さすがに、彼らを武力で制圧しようと言うような人物が現れなかったのが、不幸中の幸いだろうか?

「これほどの事が無限に繰り返されようとしている現実を見ても、まだ超有名アイドルを支援し、唯一神にしようと言う勢力がいる」

 このスポーツ新聞を見て超有名アイドルのやり方をグレーゾーンと吐き捨てる――それは誰にでもできるだろう。

しかし、単純に批判だけをするのであれば炎上勢力と同じであり、逆に超有名アイドルファンによって宣伝材料としてまとめサイト等に掲載されるのは目に見えている。

これらのファンに共通しているのは、CDの購入資金としてアフィリエイトサイトを管理しており、まとめ記事で得た利益で超有名アイドルのCD等を購入しているのだ。

このようなコンテンツの買い支えは行うべきではなく――逆にマッチポンプと疑われてもおかしくはない。


 だからこそ、アキバガーディアンは海外が超有名アイドルの行っている炎上マーケティング等を即時に中止しなければ、日本のコンテンツが終わりを迎える――それを知っていた。


 ある意味でも――第4の壁の先の世界でも通じることであり、事件等を炎上マーケティングに利用すべきではないという警告でもある。 


 スポーツ紙の報道で超有名アイドルに対する風当たりが悪化したのは言うまでもないが、それがやつ当たり的なコンテンツ炎上に繋がるという被害妄想を感じる人物も少なくなかった。

だからこそ、ARゲームが狙われたと言っても過言ではない。
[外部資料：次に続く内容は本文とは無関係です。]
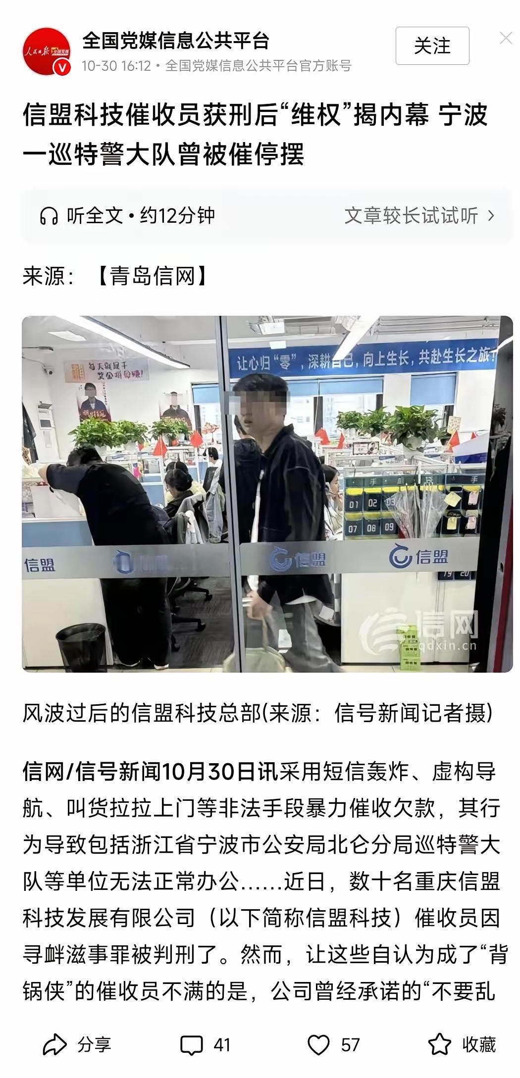 现在的催收也太丧心病狂了吧,催收都把巡特警大队给催停摆了。连警察他们都敢这么肆无忌惮,那普通人岂不是更难。也不知道老板给这些催收的多少工资,让这些人居然如此不择手段。 这事听着离谱,却是真实发生的闹剧——有巡特警大队的工作人员吐槽,单位座机一天能接到几十通催收电话,开口就问“你们队的某某是不是欠了钱”,甚至威胁“再不还钱就让他丢工作”。接线的民警反复解释“查无此人”,对方非但不听,还换着号码轮番轰炸,导致办公电话根本打不进来,正常出警调度都受了影响,这不就是活生生把执法部门给“催停摆”了? 能对巡特警大队下狠手,更别提普通老百姓要承受多大的压力。宁波刚破获的一起案件里,一个“软暴力”催收团伙119人被抓,他们光是伪造的“律师函”“立案通知”就堆了半间屋子,靠着电话轰炸、威胁恐吓,硬生生把北京一位欠款人逼得跳楼自尽。想想看,这些人连国家执法机关都敢骚扰,对付手无寸铁的普通人只会更无所顾忌:凌晨两三点打电话吵醒全家,把欠款信息群发给债务人的同事亲友,甚至蹲在小区门口堵人,就为了逼对方“要么还钱,要么崩溃”。 至于催收员为啥敢这么拼?答案就藏在他们的工资条里。重庆一家催收公司的招聘信息写得明明白白:底薪才三千多,但提成能拿到一万多,要是能啃下“难搞”的欠款,月收入能冲到两万以上,还有额外奖金可拿。这就不难理解他们的疯狂了——每催回一笔钱,自己口袋里就多一笔收入,至于手段合不合法、会不会逼出人命,根本不在他们的考量范围内。老板把催收变成“计件工资”,催得越狠赚得越多,底下的人自然把“不择手段”当成了工作信条。 更可怕的是,这些催收早把“套路”玩得炉火纯青,普通人稍不留意就会掉进陷阱。有债务人分享过经历:催收用私人手机号发“最后通牒”,落款写着“金融调解委员会”,看似官方实则全是造假,一旦你慌了神松口愿意协商,录音立马会被拿去当“还款承诺”。他们还擅长拿“影响子女上学”“冻结全部账户”这类话吓唬人,可实际上,借贷纠纷只是民事问题,根本不会牵连家人,这些说辞全是精心设计的心理战。 好在2025年新出台的催收规定,总算给这些疯狂行为套上了“紧箍咒”。新规明确划定了红线:催收只能在早上8点到晚上9点之间进行,夜间骚扰直接违法;更不能牵连亲友同事,频繁轰炸电话也算违规。最解气的是,要是催收方严重违规,债务人甚至可能不用还这笔钱——有法院就判过,因暴力催收导致欠款人精神受损的,债务直接一笔勾销。这可不是空话,宁波那伙催死人的催收员,已经因“催收非法债务罪”被采取刑事强制措施,等待他们的是牢狱之灾。 可新规再好,也得能落到实处。巡特警大队被骚扰、普通人被逼跳楼的案例,恰恰说明还有不少催收团伙在钻空子。这些人躲在暗处换着号码作案,甚至伪造公职人员身份,普通债务人很难固定证据。更让人费解的是,那些明目张胆招聘“高提成催收员”的公司,为啥能长期经营?监管的眼睛要是能再亮一点,早发现早查处,或许就能少些悲剧。 对普通人来说,面对违规催收别硬扛也别慌神。记住三句话:承认欠款但说明还款能力,拒绝任何不合理调解,保留好通话录音和短信证据。一旦对方越界,直接向银保监投诉,或者拿着证据报警——现在“催收非法债务罪”已经入刑,他们再横,也怕法律的重拳。 催收的本质是要回欠款,可一旦变成“逼命”,就彻底偏离了轨道。那些拿提成的催收员忘了,电话那头是活生生的人;那些赚黑心钱的老板更该明白,法律的红线碰不得。巡特警大队都能被骚扰,足以敲响警钟:整治违规催收,不能等出了人命才动手。 各位读者你们怎么看?欢迎在评论区讨论。

しかし、遊戯都市奏歌ゆうぎとし・そうかや一部エリアでは超有名アイドルと提携する事でさえも禁止しているエリアもある。

今そこにある現実、虚構世界から現実世界への警告、この危機を乗り越えなければコンテンツ産業に明日はない――よく言った物だ。

絶望的な状況下であるからこそ、人は可能性を探ろうとする。かつて、超有名アイドルコンテンツによる世界統一を掲げたプロデューサーがいた。
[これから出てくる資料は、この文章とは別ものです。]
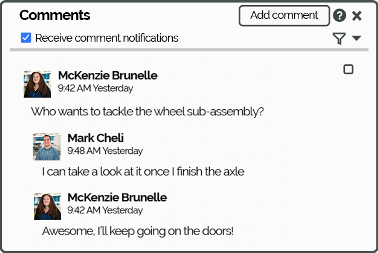Work together in the same version, in the same Onshape Document. There is no need to check out files or worry about version conflicts. Students and teachers can work together in real time, making it easy to collaborate. With features such as Commenting, Tagging, and Branching, communication is streamlined and projects run smoothly.
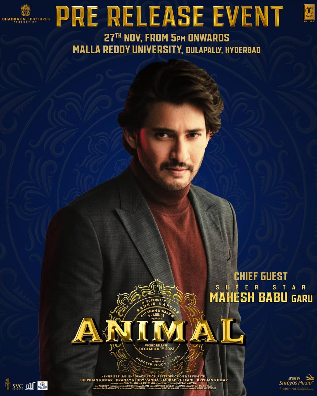 ఇకపోతే తాజాగా ఈ చిత్ర బృందం ఈ సినిమా యొక్క ఫ్రీ రిలీజ్ ఈవెంట్ ను నవంబర్ 27 వ తేదీన సాయంత్రం 5 గంటలకు మల్లారెడ్డి యూనివర్సిటీ ... దూలపల్లి ... హైదరాబాద్ లో నిర్వహించనున్నట్లు అధికారికంగా ప్రకటించిన విషయం మనకు తెలిసిందే. ఇకపోతే తాజాగా ఈ మూవీ మేకర్స్ ఈ మూవీ యొక్క ఫ్రీ రిలీజ్ ఈవెంట్ కు సూపర్ స్టార్ మహేష్ బాబు ... ఎస్ ఎస్ రాజమౌళి ముఖ్య అతిథులుగా రానున్నట్లు అధికారికంగా ప్రకటించింది. మహేష్ , రాజమౌళి ముఖ్య అతిథులుగా  రానుండడంతో ఈ సినిమా ఫ్రీ రిలీజ్ ఈవెంట్ పై కూడా ప్రేక్షకులు ఆసక్తిని చూపిస్తున్నారు.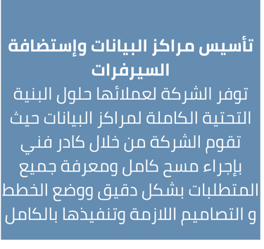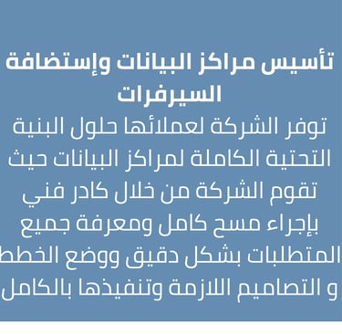 تصميم وتنفيذ شبكات LAN/WAN – تمديد كابلات UTP – تركيب سويتشات وراوترات – إعداد سيرفرات.

しかし、その結果はアカシックレコードに書かれていた強化人間を生み出す事で――。


 4月1日午前8時30分、アカシックレコードをタブレット端末で見ていたのは、花江はなえ提督である。

「結局、アカシックレコードの書き方は走り書きと言うべきか」

 花江提督は記述の書かれ方が、別のまとめサイト等の転載に近いのではないか、と考えていた。
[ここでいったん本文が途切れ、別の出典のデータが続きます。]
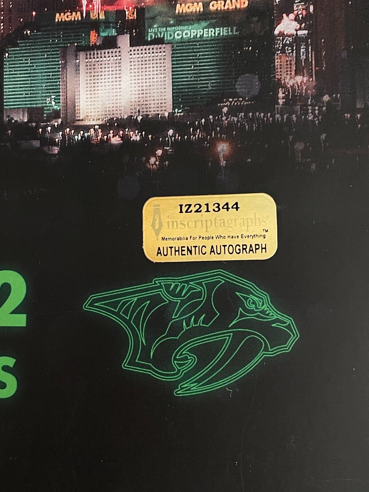 VEGAS FANS!! Check out this "Glow in the Dark" Vegas Golden Knights Reverse Retro 11" x 17" Gameday Poster signed by Vegas Hockey star, Alec Martinez! This poster was handed out by the Knights at the game on December 31, 2022, vs. the Nashville Predators! This product is part of Inscriptagraphs' exclusive "Glow in the Dark" Retro Autographed Memorabilia Collection inspired by the very first jersey to GLOW in the NHL! The poster itself actually glows in the dark, 1 of only 2 posters handed out by the Knights for all of their reverse retro themed games that actually glow and not simulated by graphics like their other 6 posters from other retro games. Alec hand signed this poster towards the top right corner of the poster. When the autograph is in the light, it displays as a white colored signature, but when the lights turn off, and it has been activated by a source of light, the autograph will GLOW in the dark! To really bring the glow in the dark features out in the signature, it is best if it is activated with a black light, which is what you see in the lights out example photo of this listing. This item is authenticated by Inscriptagraphs Memorabilia and was signed by Alec on January 18, 2023, at our private signing with him in Las Vegas. The actual Certificate of Authenticity is available on the Inscriptagraphs hologram database website that is indicated on the gold tamper-proof hologram on the item. This item will also include the paper certificate of authenticity card. You will enter the code number on the hologram of this item into our database and up will pop the certificate of authenticity for this item, forever. You can print out that document as proof of the authenticity of this collectible. Inscriptagraphs is proud to only authenticate items that are witnessed autographs amp; in the presence of a company representative. Will we authenticate 3rd party items based on an "opinion". Never do you have to worry about the authenticity of our collectibles as we pride ourselves in our secure state of the art, industry-leading authentication system. Note: This is a stock item where we are showing you a generic image of the item mentioned, although it may or may not be the exact one you will receive. The autograph amp; glow in the dark quality may vary from the photo pictured, as well as the location of the autographs. As a general statement, the poster condition you will receive is in very good shape with no tears whatsoever, but may have slight wrinkles or edges may have slight imperfections.

しかし、そうしたソースは存在しない事が後に確認され、結局は杞憂に終わる。

「第4の壁を打ち破り、この世界に介入して何かを訴えようとしている人物がいるのか――」

 それこそメタ発言だと。作者の介入、ある事件に影響を受けて記述を改変しようとする勢力、あるいは超有名アイドルファンの怨念――考えられるケースは多数ある。

「どちらにしても、やる事は一つと言う事か――それとも」

 そして、花江提督はある計画を始動する。